- _YOUR GOAL_
Retype the material that follows exactly, limited to the lines from the one with "9月3日是抗战胜利纪念日,为" through the one with "Are you ready", and keep out all pictures.

━━━━━ INFORMATION ━━━━━

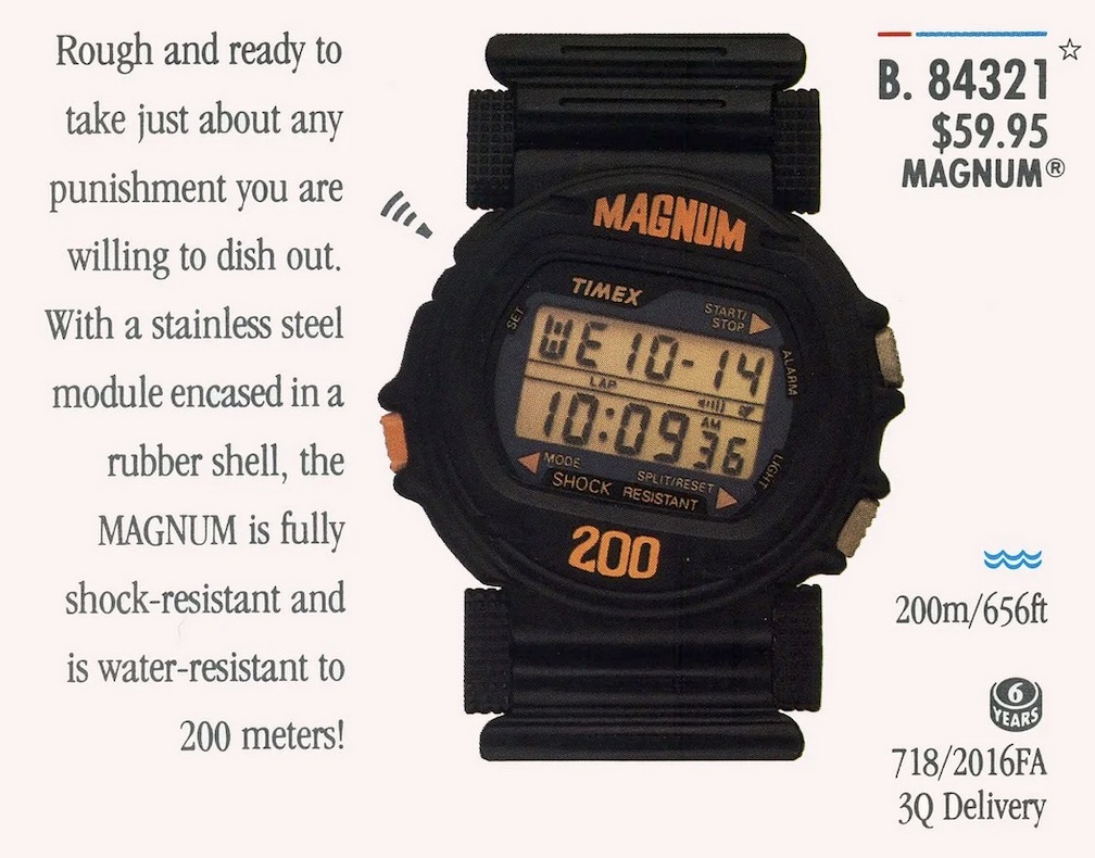 The above Magnum is interesting in that Timex never called it a diver or diver-style even though it was their only 200m watch? The 90s were the peak of Triathlon participation and Timex had a huge line up of Triathlon and Ironman watches. Timex watches probably were suffering from a lack of ruggedness so the Magnum was probably brought int to cover that heavy-duty ground? Later, by ’95 the Ironman was incorporating more durabilty.
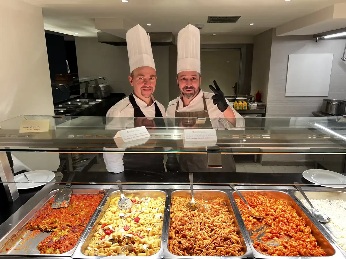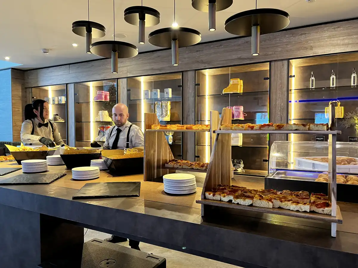 Et ophold på den 4-stjernede del af hotellet, byder på lækker morgenbuffet, så du er klar til dagens skiløb. Om aftenen kan du sætte dig til bords og nyde en aftenbuffet, der er fyldt med smagfulde italienske retter.
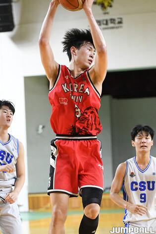 [점프볼=안암/박상혁 기자] 2일 고려대 화정체육관에서 열린 2024 KUSF 대학농구 U-리그 고려대와 조선대의 경기, 고려대 윤기찬이 3점슛을 성공시킨 후 세리머니를 하고 있다.
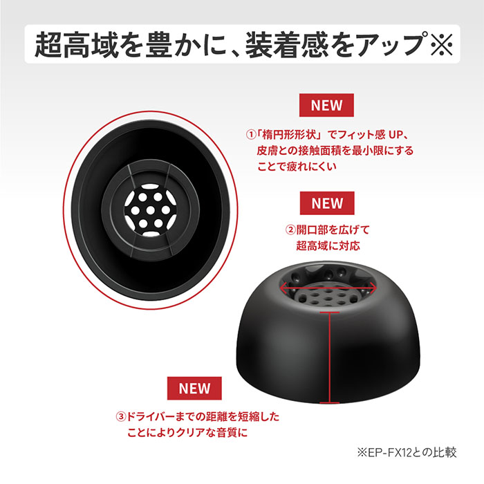 楕円形状を新採用、耳穴にフィットしやすく、ストレスの少ない装着感を実現
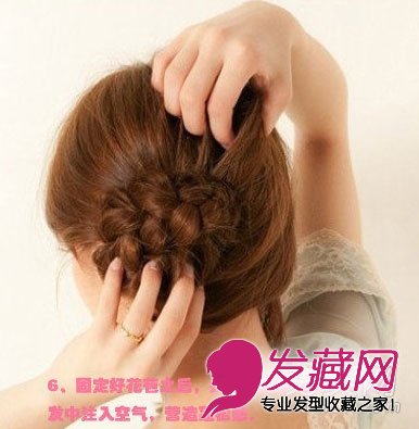 固定好花苞之后,拉松后面的头发,让头发注入空气,营造蓬松感
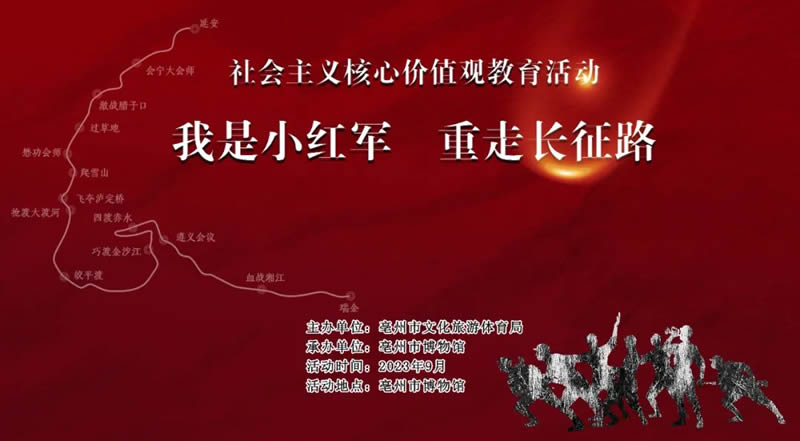9月3日是抗战胜利纪念日,为了推进青少年学生爱国主义教育,增强民族认同感和归属感,勿忘国耻,牢记使命,从小培养爱国情怀和民族自信,由亳州市文化旅游体育局主办,亳州市博物馆承办开展“我是小红军,重走长征路”社会主义核心价值观活动。
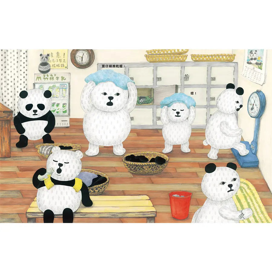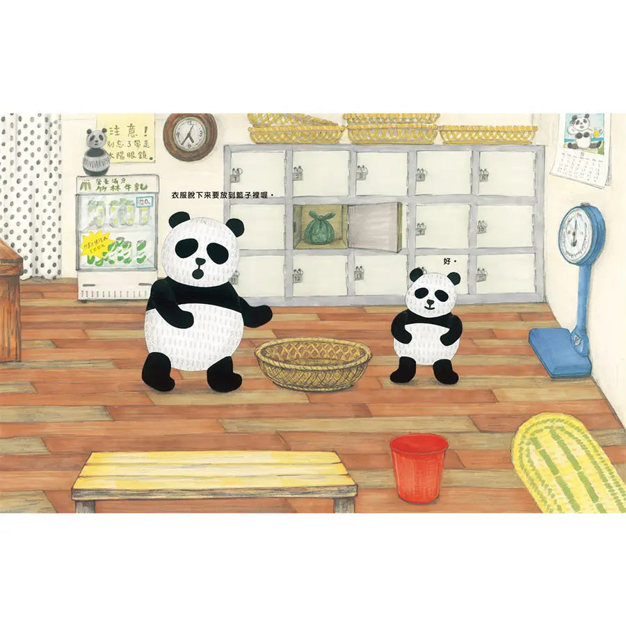 夜晚,貓熊一家三口來到澡堂,入口的櫃檯上貼著這樣一張告示:
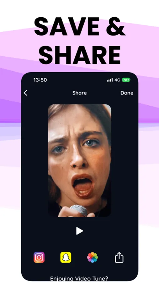 Are you ready to sing like a pro and impress your friends? With Video Tune, you can easily record videos of yourself while automatically tuning your voice to the perfect pitch. It's like having your own personal recording studio in your pocket! And the best part? You can share your awesome videos on TikTok, Instagram, and other social media platforms. So why wait? Download VideoTune now and start singing like a star! Get ready to rock the world with your awesome tunes!
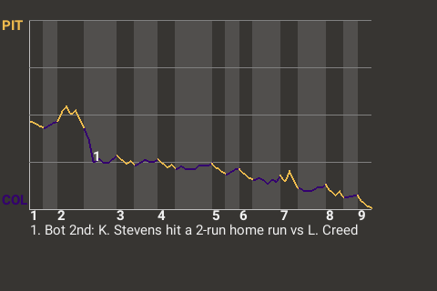Keith Stevens, who is tied for 3rd in the SL with a .392 on-base percentage, took Pittsburgh hurler Lester Creed deep in the bottom of the second. His 2-run home run put the Billy Goats on top, 2-0. In all, Stevens had 1 single in addition to the home run, while going 2 for 4.
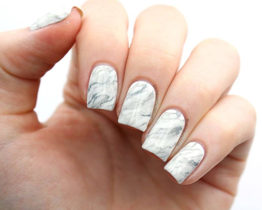 • Белый «мрамор» на всех пальцах. Классический вариант. Подходит для деловых женщин. Такой дизайн одинаково хорош как на коротких, так и на длинных ногтях.

━━━━━

- _TASK ANSWER_
9月3日是抗战胜利纪念日,为了推进青少年学生爱国主义教育,增强民族认同感和归属感,勿忘国耻,牢记使命,从小培养爱国情怀和民族自信,由亳州市文化旅游体育局主办,亳州市博物馆承办开展“我是小红军,重走长征路”社会主义核心价值观活动。
 夜晚,貓熊一家三口來到澡堂,入口的櫃檯上貼著這樣一張告示:
 Are you ready to sing like a pro and impress your friends? With Video Tune, you can easily record videos of yourself while automatically tuning your voice to the perfect pitch. It's like having your own personal recording studio in your pocket! And the best part? You can share your awesome videos on TikTok, Instagram, and other social media platforms. So why wait? Download VideoTune now and start singing like a star! Get ready to rock the world with your awesome tunes!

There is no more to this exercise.